8. Rediscover the Past
Sears and Kmart both have a storied past. What they need to do is look for past inspirations to help them find a niche today. I don't know why the Duluth, GA concept was never pushed forward but Sears needs to be classier. You don't have to have exclusively softlines to be 'classy'  but Sears needs to be "I'm a store that harkens back to the golden days of department stores, where there was something for everyone, Explore me!" This includes the fact that Sears should restore some of its older locations. A Sears store in inner Houston, TX and visible from the highway got a nasty exterior remodeling in the 1960s hiding its art deco. After Hurricane Ike, a piece of missing metal siding revealed the art deco exterior underneath, yet Sears hasn't gone ahead with any restoration of this building. Meanwhile, Kmart shouldn't imitate Walmart and Target and go for "low prices" or "affordable fashions" too much, it should just be a no-frills mid-line discount store, like it always was. Perhaps Kmart should revive the Kmart Chef name for its in-store restaurants with an improved menu and décor.

Sears Duluth, GA retro concept store.
9. Invest in Remodeling
Sears and Kmart stores are woefully out of date. Even the new-style Kmart logo on the '70s arches store is a bit painful to look at. While blue seems to work for Sears (it's kind of iconic, after all), the new brown and orange is a kind of unappealing look for Kmart. Why Kmart abandoned the green and grey concept of 2002 is beyond me. Clean up the stores and make them truly attractive places to shop again.
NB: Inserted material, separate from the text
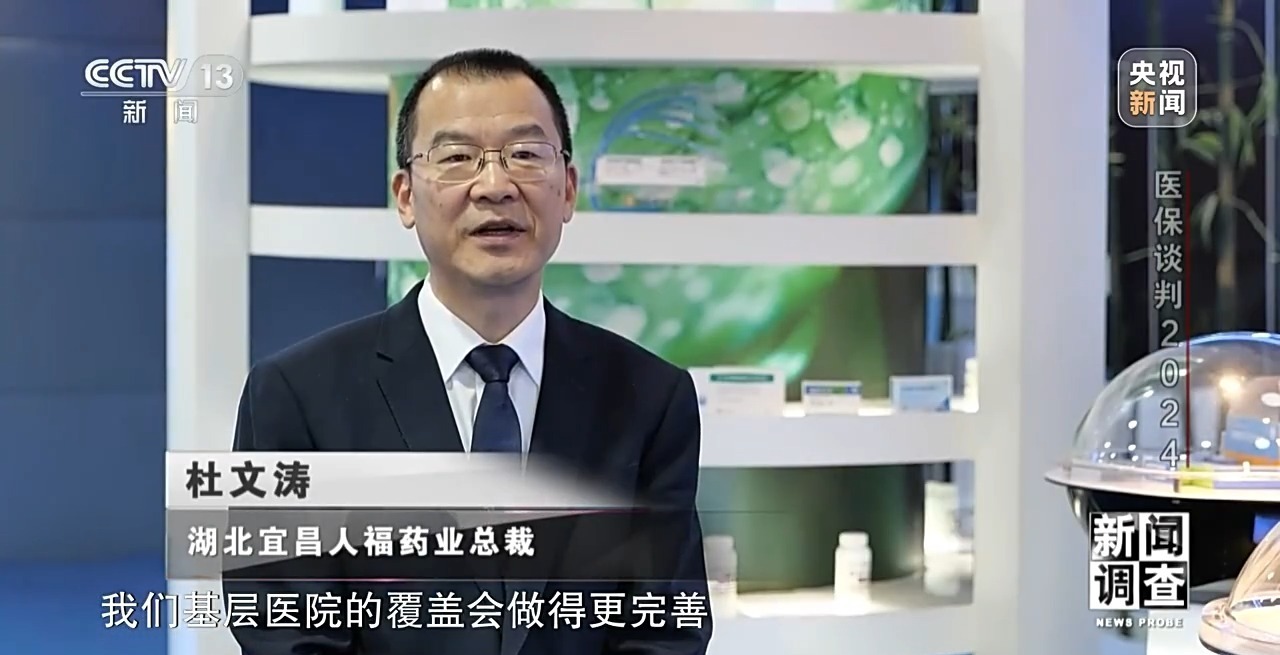 湖北宜昌人福药业总裁 杜文涛:它的可及性会更好,因为现在我们知道,医院进药现在是比较严的,没有医保准入或国谈这样一个身份的话,这个品种进院会非常难。我们是去年年初获批的这样一个产品,到目前为止,在相应的一些目标医院的覆盖率只有不到20%,我们很多家长要带着患儿到省级以上的这样一些大医院里面去就医去开药。进医保以后,我们基层医院的覆盖会做得更完善,那么在基层他就能够很方便地能够获取这个药,能够得到这样的一个有效的治疗。

One of Kmart's green and grey concept stores.
10. Get new leadership
Kmart's Chuck Conaway led them into bankruptcy while frittering away the company's money on personal luxuries illegally. Lampert hasn't done much if any to improve Kmart's standings as a viable competitor to Walmart and Target. Even holding them back, all the while giving himself a large salary as CEO and bleeding the two brands to their death. Some suspect he's devaluing them deliberately and just using the company for it's real estate. 
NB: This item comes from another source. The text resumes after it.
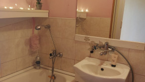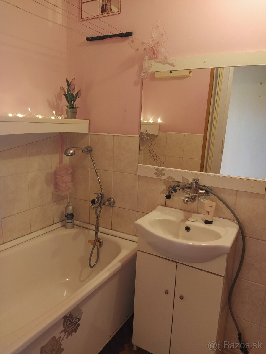 Kúpeľňa je prakticky riešená – nájdete tu sprchový kút aj vaňu, toaletu, umývadlo a priestor na práčku, čo ocení každý, kto hľadá funkčné bývanie.

And there you have it, Pseudo3D definitely makes some very good points in the article. The main point to take away is Sears Holdings needs to do something different to right the ship, because its sinking quick, fast, and in a hurry. I think investing money in the stores for remodels and improved product assortment is the single most important and biggest thing they can do at this point to help the company.